First, some background.
Pre-Court of Appeals efforts
The entire Judiciary Article (Article V) was revised under a 1972 amendment. The supreme court was re-established with a membership of 5 : 1 chief justice and 4 associate judges, the same composition it had had for decades. By 1979, however, efforts were underway to expand the court from 5 to as many as 10 judges sitting in panels of 3 or 5. The issue was also wrapped up in the matter of the Court of Appeals, which the legislature had created by statute under its power to create “courts of uniform jurisdiction as may be provided for by general law.” Litigation regarding the constitutionality of the Court of Appeals statute kept the court in limbo until it began operations in September 1, 1983 and was explicitly put into the state’s constitution under a 1985 constitutional amendment.
|1979/1980||HB 3297||5 to 9||Approved by House Judiciary Committee|
|SB 1028||5 to 10, 5-judge panels||Approved by Senate Judiciary Committee|
|1981/1982||HB 2140 / SB 36||5 to 7, 3-judge panels||Killed in committee|
|SB 792||5 to 9||Never taken up|
|1983/1984||HB 2155||5, but allow legislature in future to increase to 7; explicitly create Court of Appeals in state constitution||Killed in committee|
Post-Court of Appeals efforts
Over the next decade the issue lay dormant in the legislature; it was not until the 19951996 session the subject came back up. SB 755 would have expanded the supreme court from 5 to 7 and provided the justices be elected by the general public (rather than the legislature itself, as has been the practice since the Revolutionary War), one per U.S. House district.

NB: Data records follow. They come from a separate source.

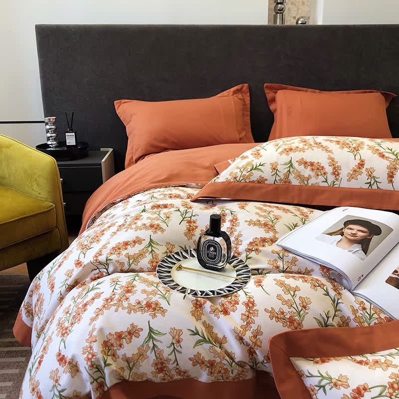Parure de lit de style pastoral en coton doux et brossé (4 pièces)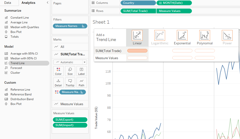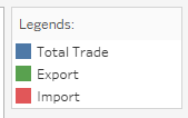 To apply the rules for encoding values in graph, line charts are used to display the time-series data. The line charts for Export and Import used the same scale to make it easier to interpret the data. Total Trade line chart is also added to show the total merchandise trade while Net Trade bar chart is included to show the difference of Export and Import.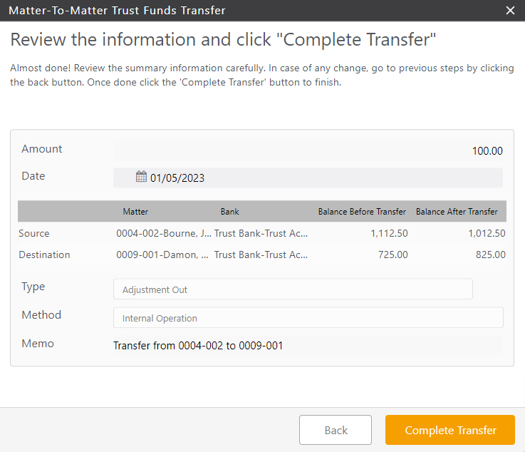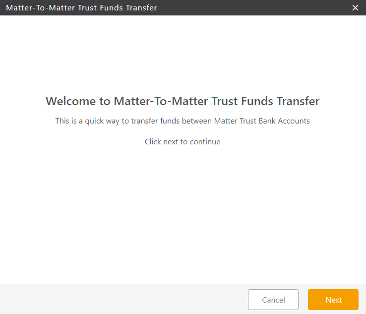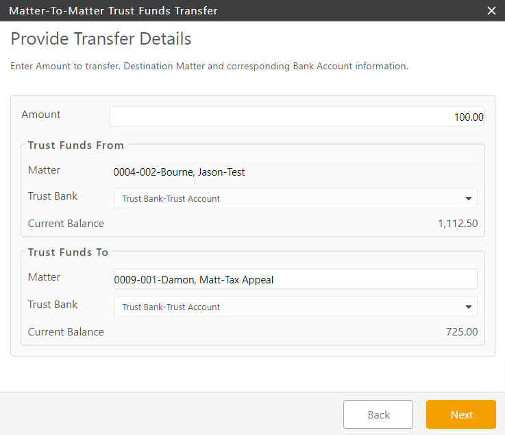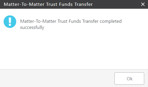 - A Matter to Matter Internal Trust Funds Transfer is a great tool when changing trust banks. Just create a transfer for the same matter and select the appropriate banks. For additional information, see Switching Trust Banks.

SB 755 was reintroduced every session for a decade by the same Democratic senator into a chamber that has had a Republican majority since 2001. None of the versions introduced ever made it out of committee.
|1995/1996||SB 755||5 to 7, one justice per U.S. House district, elected by general public||Died in committee|
Starting in 2005 the focus on these expansion efforts shifted from attempting to change both judicial selection, election-by-district, and expanding the Supreme Court to simply expanding the court.
|2005/2006||HB 4447 / SB 1096||5 to 7||Died in committtee(s)|
Curiously the 2011/2012 session saw no such bills introduced, the first time in almost 2 decades this was the case.